Towards Global Positioning System-Based Structural Health Monitoring

F. Casciati and C. Fuggini

Department of Structural Mechanics, University of Pavia, Italy

Full Bibliographic Reference for this chapter
F. Casciati, C. Fuggini, "Towards Global Positioning System-Based Structural Health Monitoring", in B.H.V. Topping, L.F. Costa Neves, R.C. Barros, (Editors), "Trends in Civil and Structural Engineering Computing", Saxe-Coburg Publications, Stirlingshire, UK, Chapter 15, pp 319-352, 2009. doi:10.4203/csets.22.15
Keywords: structural health monitoring, global positioning system, full-scale tests, real time, structural dynamics, long duration records.

Structural health monitoring (SHM) is based on the acquisition of global and relative displacements of critical points across the structure in real time and in all weather condition. The last two constraints could be satisfied by adopting a technique based on global navigation satellites systems (GNSS).

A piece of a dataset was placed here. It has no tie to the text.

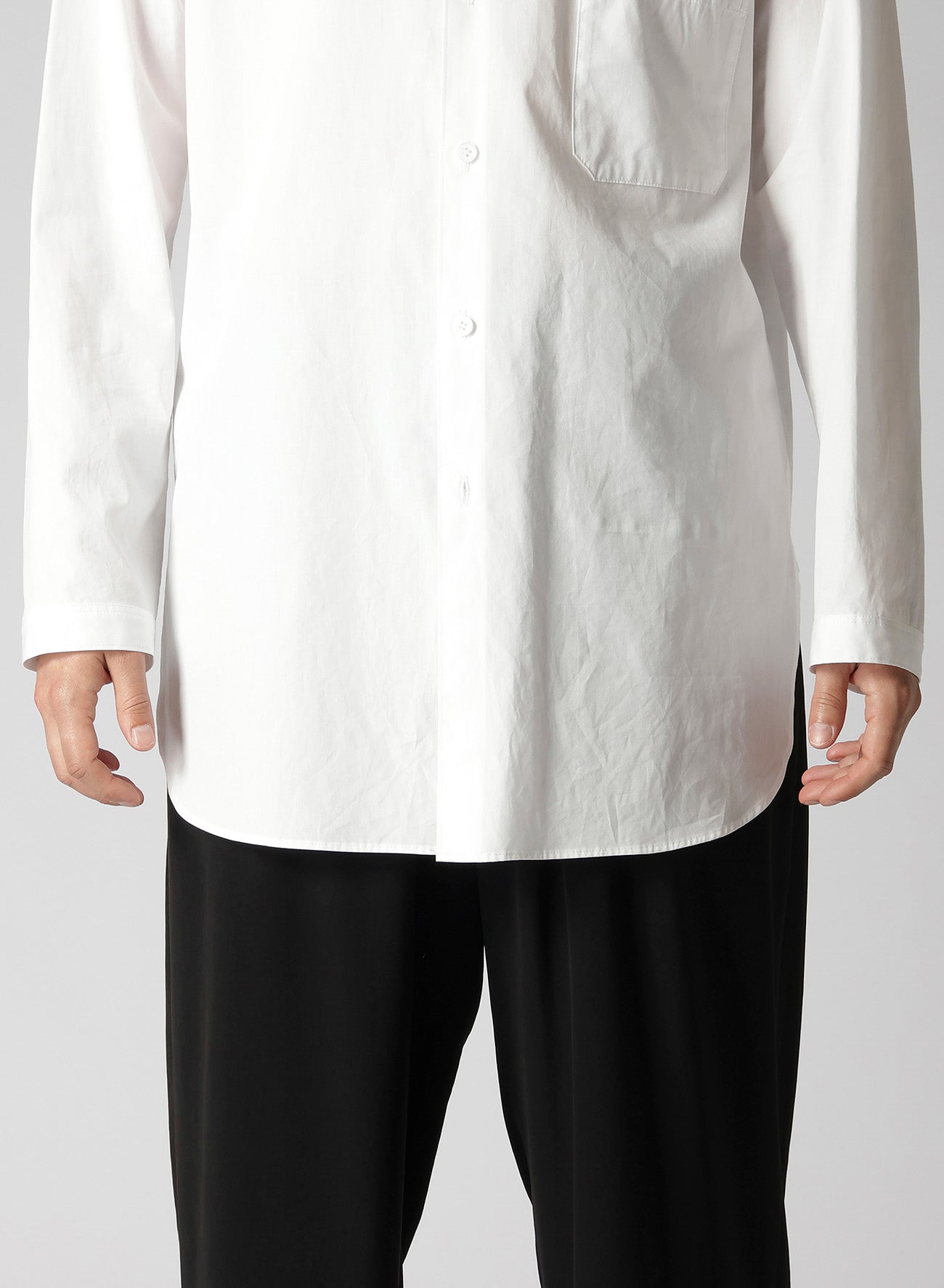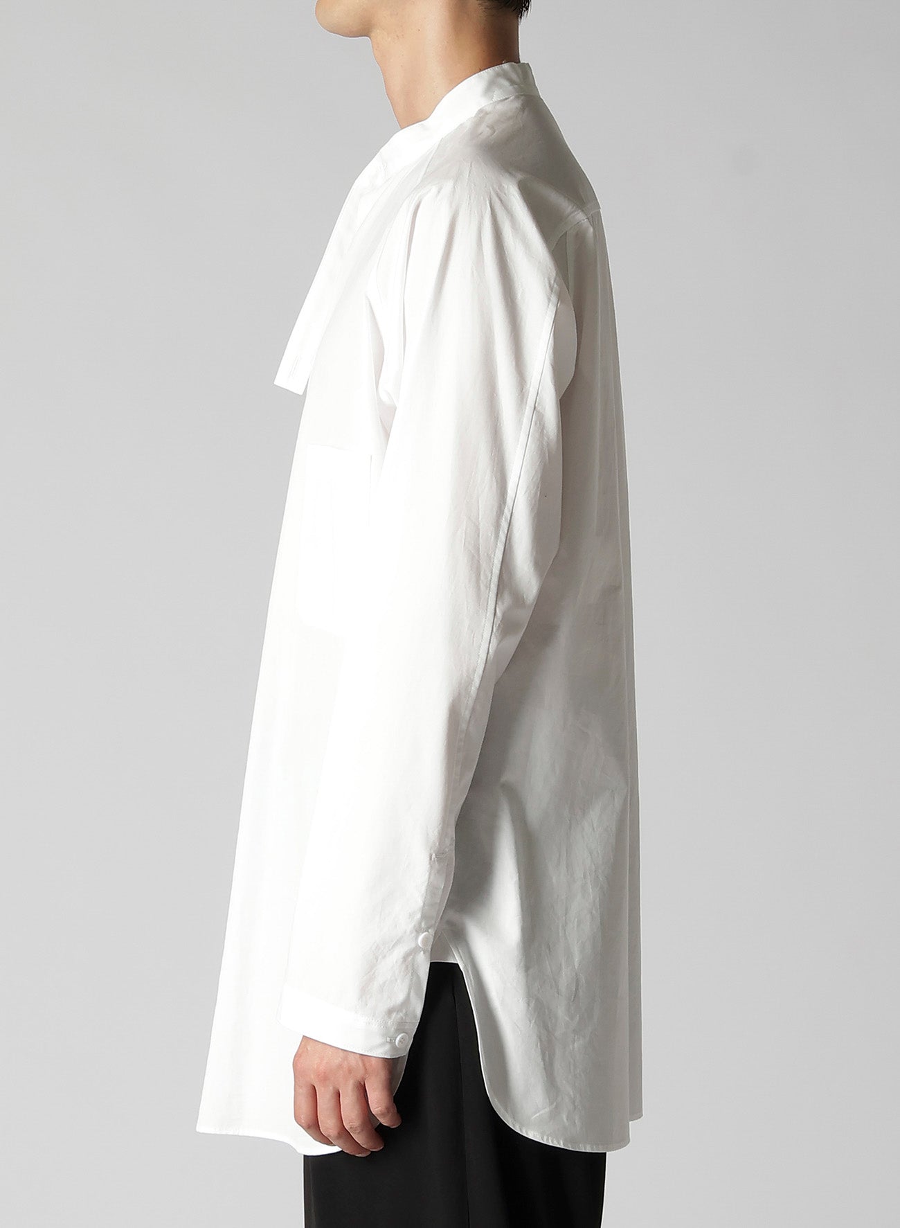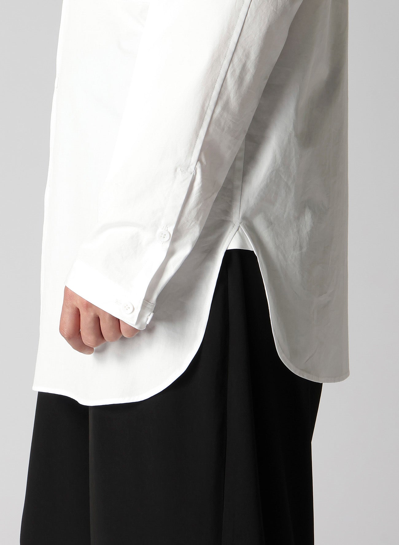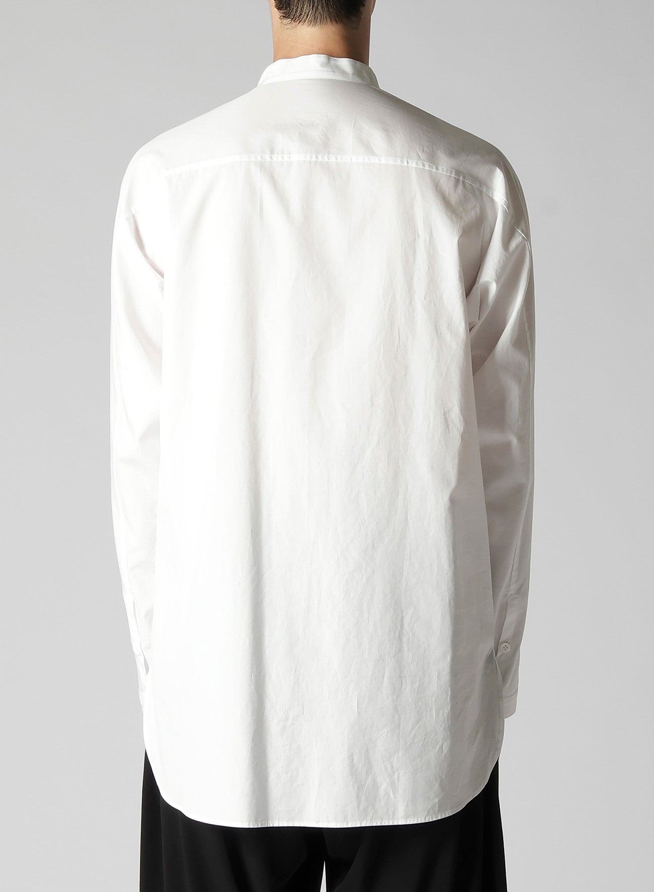 A blouse using signature material with a standing collar and a unique two-piece sleeve design attached from the back yoke. Special washing and processing give it texture and puffiness.

In particular, among the satellite positioning systems (American, Russian and the future European), the global positioning system (GPS) offers continuous long term acquisitions and provides sampling rates sufficient to track the displacement of long period structures, with an accuracy of the order of sub-centimetres. It is independent from negative atmospheric conditions or large temperature variations.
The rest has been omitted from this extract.